Karena bagiku, Sin, kaulah satu-satunya ...


Magi and all characters belong to Shinobu Ohtaka.

Devoted to You belongs to Harumi Kitara.

This incredible art isn't mine, and belongs to someone-that-i-don't-know-who#slapped.

Rated M for implicit lemon and adult theme.

Genre: Romance & Hurt/Comfort.

Warning: , First fic in Magi Fandom (Hajimemashita, minna!), YAOI/BL/Boys-Love/MalexMale/Slash or whatever you call it, Implicit Lemon, Jafar PoV, Gaje-ness, Miss Typos, Super pendek, SinJa (SinbadxJa'far, salah satu OTP baru saya~!). Wanna leave it before something happen to you?

Summary: Ini hanya harapan kosong, delusi belaka. Kau tak mungkin jadi milikku, selamanya tak jadi milikku. Walaupun aku mendekapmu dalam pelukanku, tetap saja aku tak bisa meraihmu. Karena kau rajaku, dan aku pelayanmu―dan aku hanya setia kepadamu.

.

.

.

.

Don't Like, Please Click Back

.

.

Happy Reading, Minna! Enjoy...

.

.


.

.

Setiap kali kau mendekapku, bolehkah aku berharap waktu akan berhenti walau hanya sebentar saja?

.

.


.

.

"Sin, jika saja waktu itu aku berhasil membunuhmu, apa yang akan terjadi pada hidupku?"

.

.


.

.

Saat itu umurku masih 11 tahun.

Sin mengajakku berkeliling kota Basura―kota yang menjadi tempat persinggahan kami untuk sesaat setelah berlayar cukup lama. Hari itu sangat cerah, lautan terlihat berkilauan dan orang-orang memenuhi pasar. Ikan, buah, dan berbagai macam barang-barang ditawarkan pedagang―sungguh, hari itu kali pertamanya aku berada di tengah keramaian. Aku mengangkat wajahku, menatap punggung Sin yang berjalan beberapa langkah di depanku. Kupercepat langkahku agar beriringan dengannya, dan bertanya, "Sin? Kita akan pergi kemana?"

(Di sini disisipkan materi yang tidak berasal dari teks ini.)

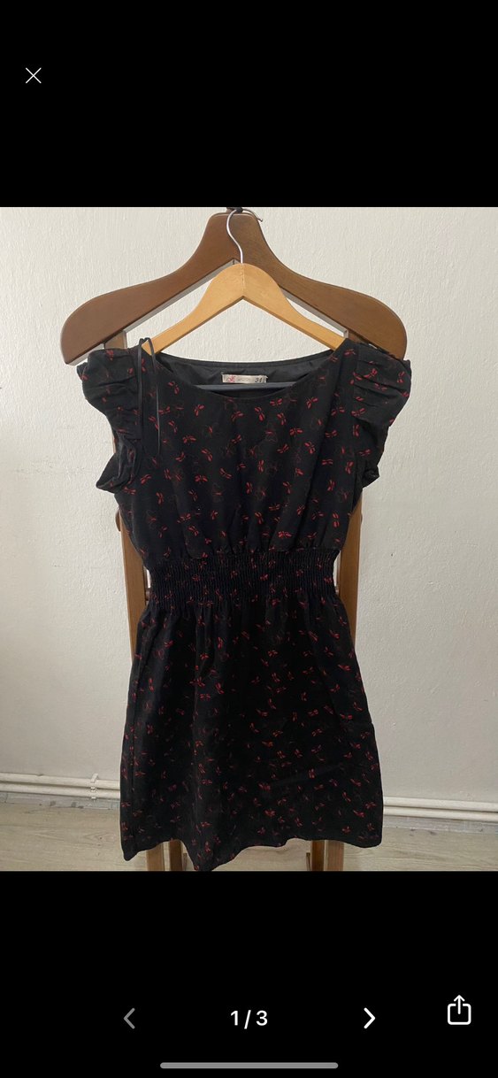 Siyah renkli, V yakalı ve fırfırlı detaylara sahip midi boy, vücuda oturan elbise. Sentetik kumaştan, koyu tonlarda batik desenlidir. Romantik akşamlar için uygundur.

"Kita akan belanja beberapa makanan." jawabnya, "Ah! Tapi kita juga harus segera mencari penginapan sebelum gelap."

"Lalu, apa aku bisa membantumu?"

Sin berhenti, berbalik menghadap ke arahku. "Benarkah? Kupikir ini kali pertamanya kau di tempat seramai ini ..." ucapnya, sepertinya dia mulai meremehkanku. Aku menundukkan kepala, mengerutkan dahi, "T-tentu saja tidak. Aku bisa melakukannya ..." lirihku, mengundang tawanya. Sin mengacak rambutku dengan gemas, tersenyum lebar padaku. "Baiklah. Kau bisa membantuku berbelanja, dan aku akan mencari penginapan untuk kita. Bagaimana?" tawarnya, memberiku sekantong uang logam. Aku menatapnya sejenak, sebelum akhirnya mengangguk mengerti.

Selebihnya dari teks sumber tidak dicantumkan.